What will calling exit
or die
do?
I completely forgot about them! Well, of course, Swoole override them. This needs to be added to the TODO.
Why is this the case?
For example, consider a long-running application where a service is a class that remains in memory continuously. The web server receives an HTTP request and starts a Fiber for each request. Each request has its own User Session ID.
You want to call a service function, but you don’t want to pass the Session ID every time, because there are also 5-10 other request-related variables. However, you cannot simply store the Session ID in a class property, because context switching is unpredictable. At one moment, you’re handling Request #1, and a second later, you’re already processing Request #2.
When a Fiber creates another Fiber, it copies a reference to the context object, which has minimal performance impact while maintaining execution environment consistency.
Closure variables work as expected they are pure closures with no modifications.
I didn’t mean that True Async breaks anything at the language level. The issue is logical:
You cannot use a global variable in two Fibers, modify it, read it, and expect its state to remain consistent.
By this point we have covered FiberHandle, Resume, and Contexts. Now we have Futures? Can we simplify this to just Futures? Why do we need all these different ways to handle execution?
Futures and Notifiers are two different patterns.
- A Future changes its state only once.
- A Notifier generates one or more events.
- Internally, Future uses Notifier.
In the RFC, I mention that these are essentially two APIs:
- High-level API
- Low-level API
One of the open questions is whether both APIs should remain in PHP-land.
The low-level API allows for close interaction with the event loop, which might be useful if someone wants to write a service in PHP that requires this level of control.
Additionally, this API helps minimize Fiber context switches, since its callbacks execute without switching.
This is both an advantage and a disadvantage.
It's also not clear what the value of most of these function is. For example:
Your comment made me think, especially in the context of anti-patterns. And I agree that it’s better to remove unnecessary methods than to let programmers shoot themselves in the foot.
As for the single producer method, I am not sure why you would use this.
Yes, in other languages there are no explicit restrictions. If the single producer approach is indeed rarely used, then it’s not such an important feature to include. However, I lack certainty on whether it’s truly a rare case. On the other hand, these functions are inexpensive to implement and do not affect performance. Moreover, they have another drawback: they increase the number of behavioral variants in a single class, which seems a more significant disadvantage than the frequency of use.
It isn't clear what happens when `trySend` fails. Is this an error or does nothing?

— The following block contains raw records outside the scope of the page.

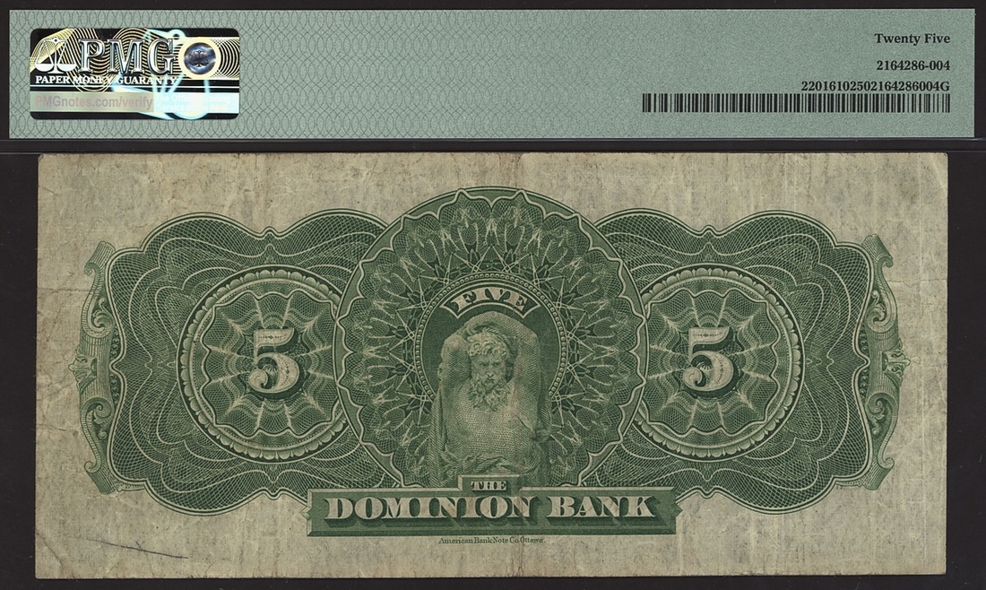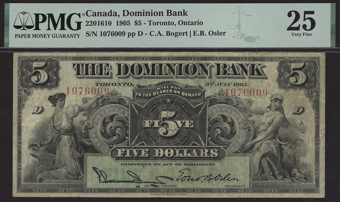 Dominion Bank, Canada, $5, 3 July 1905, serial number 1076009, signature Bogert and Osler,
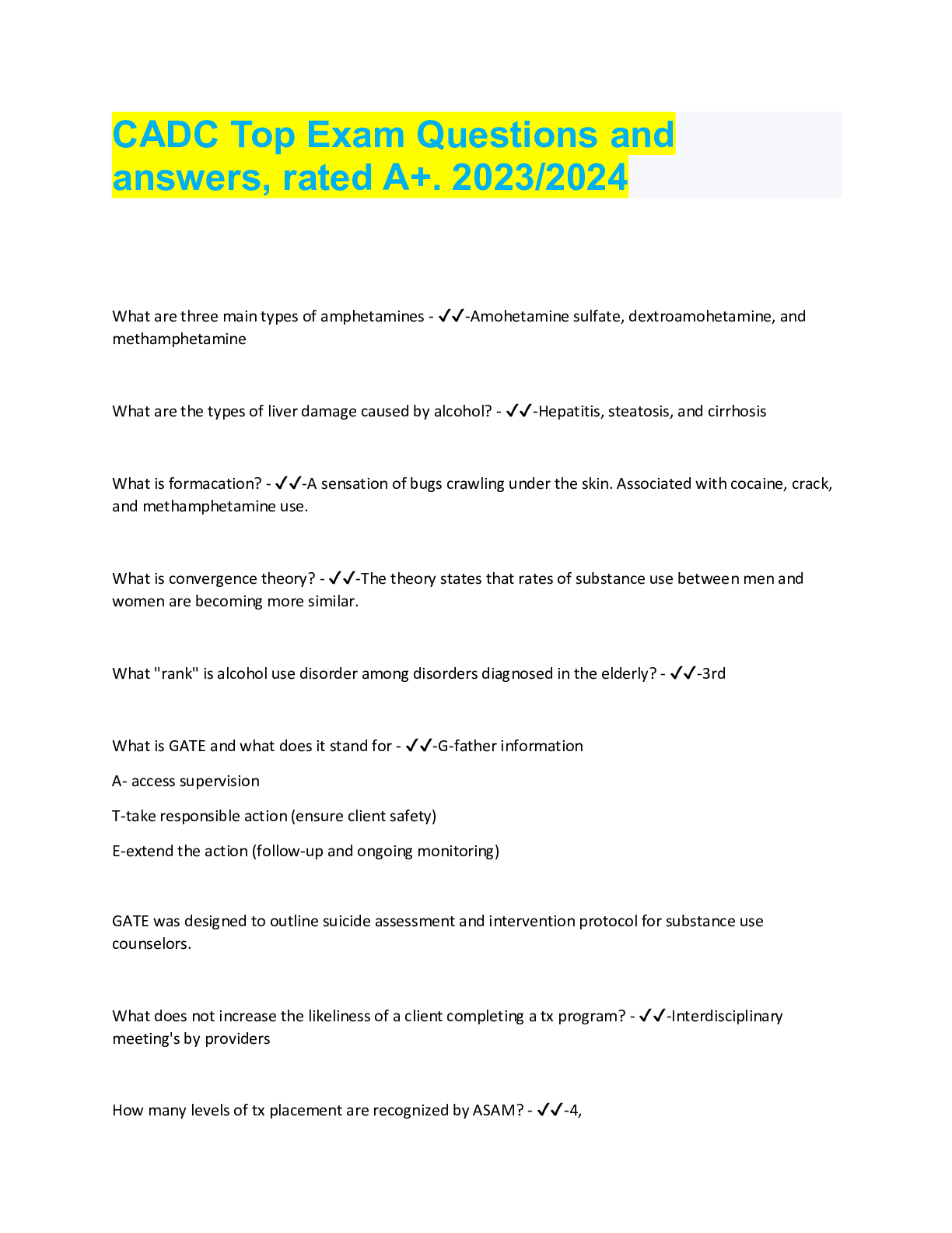 Social Sciences > QUESTIONS & ANSWERS > CADC Top Exam Questions and answers, rated A+. 2023/2024 (All)
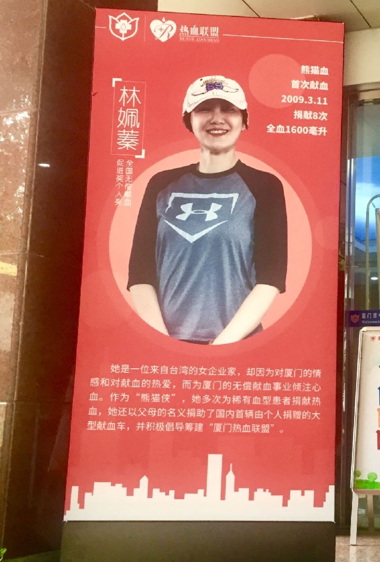 廈門市中心血站展板上宣介的是女臺商林姵蓁。她是Rh陰性血,這種血型因稀有而被稱為“熊貓血”。來自臺北的林姵蓁對無償獻血有一份執著和擔當,這源于父親獻血幾十次的身教。她志愿成為無償為他人捐獻“熊貓血”的“熊貓俠”,在臺灣每次接到求助電話都會第一時間趕去獻血。
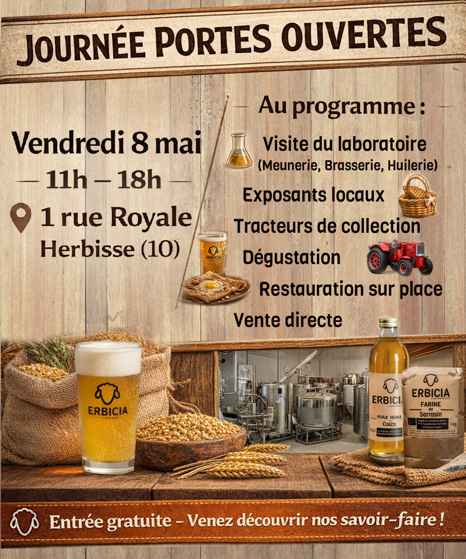 Découvrez nos produits (bières, huiles, farines…) également directement à la ferme. En achetant directement à la ferme, vous bénéficiez d’une traçabilité totale, en connaissant l’origine et les méthodes de production de nos produits. Vous soutenez également notre ferme familiale et notre démarche en faveur d’une consommation responsable et respectueuse de l’environnement.
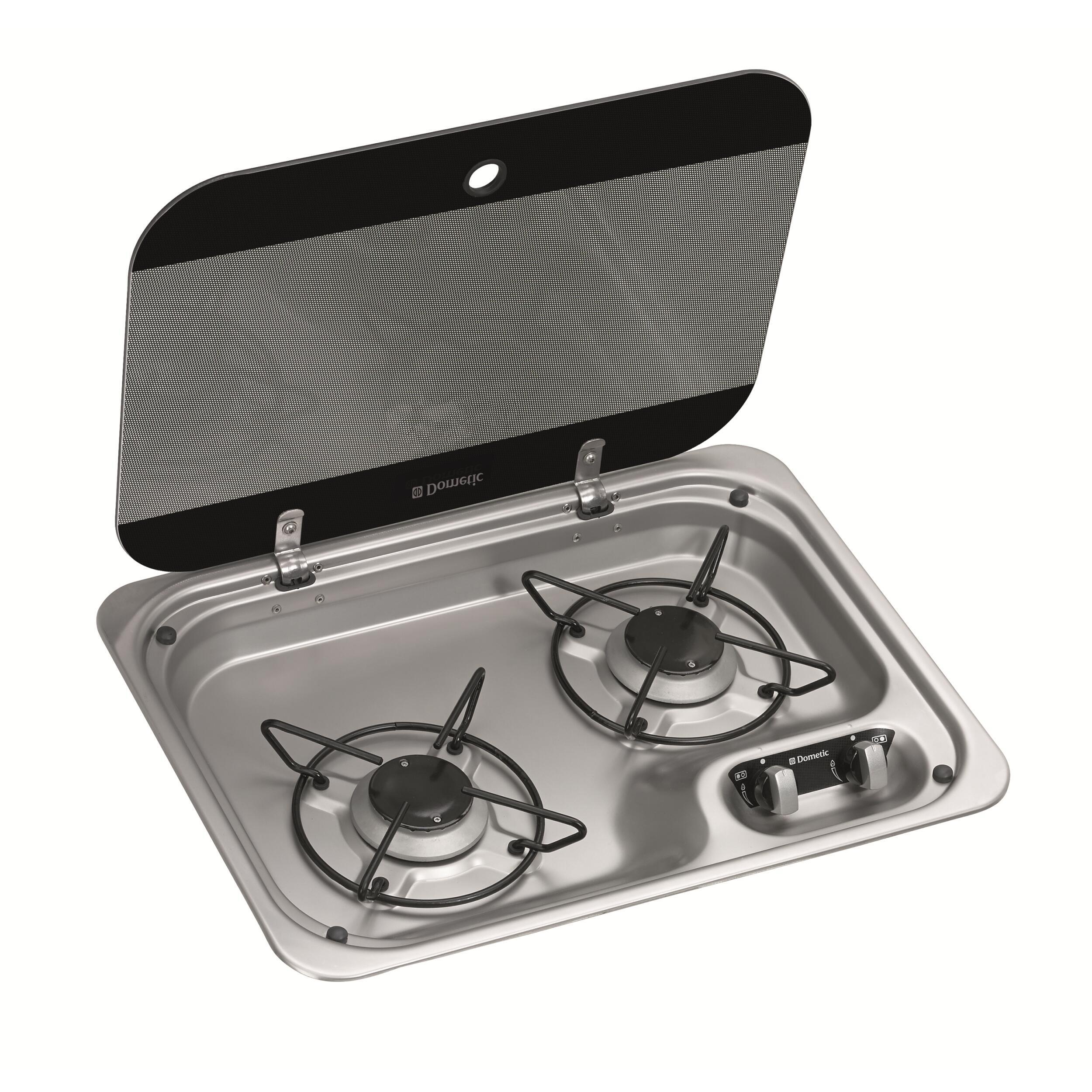 Réchaud encastrable en inox avec couvercle en verre trempé résistant à la chaleur. Grilles amovibles pour faciliter le nettoyage. Chapeau des brûleurs en acier inox. Allumage manuel.

Yes, this is a documentation oversight. I’ll add it to the TODO.
Thinking through it, there may be cases where trySend
is valid,
Code using tryReceive could be useful in cases where a channel is used to implement a pool. Suppose you need to retrieve an object from the pool, but if it’s not available, you’d prefer to do something else (like throw an exception) rather than block the fiber.
Overall, though, you’re right — it’s an antipattern. It’s better to implement the pool as an explicit class and reserve channels for their classic use.
Can you expand on what this means in the RFC? Why expose it if it shouldn’t be used?
I answered a similar question above.
I also noticed that you seem to be relying heavily on the current implementation to define
behavior.
I love an iterative approach: prototype => RFC => prototype => RFC.
Thank you for the excellent remarks and analysis!
Ed.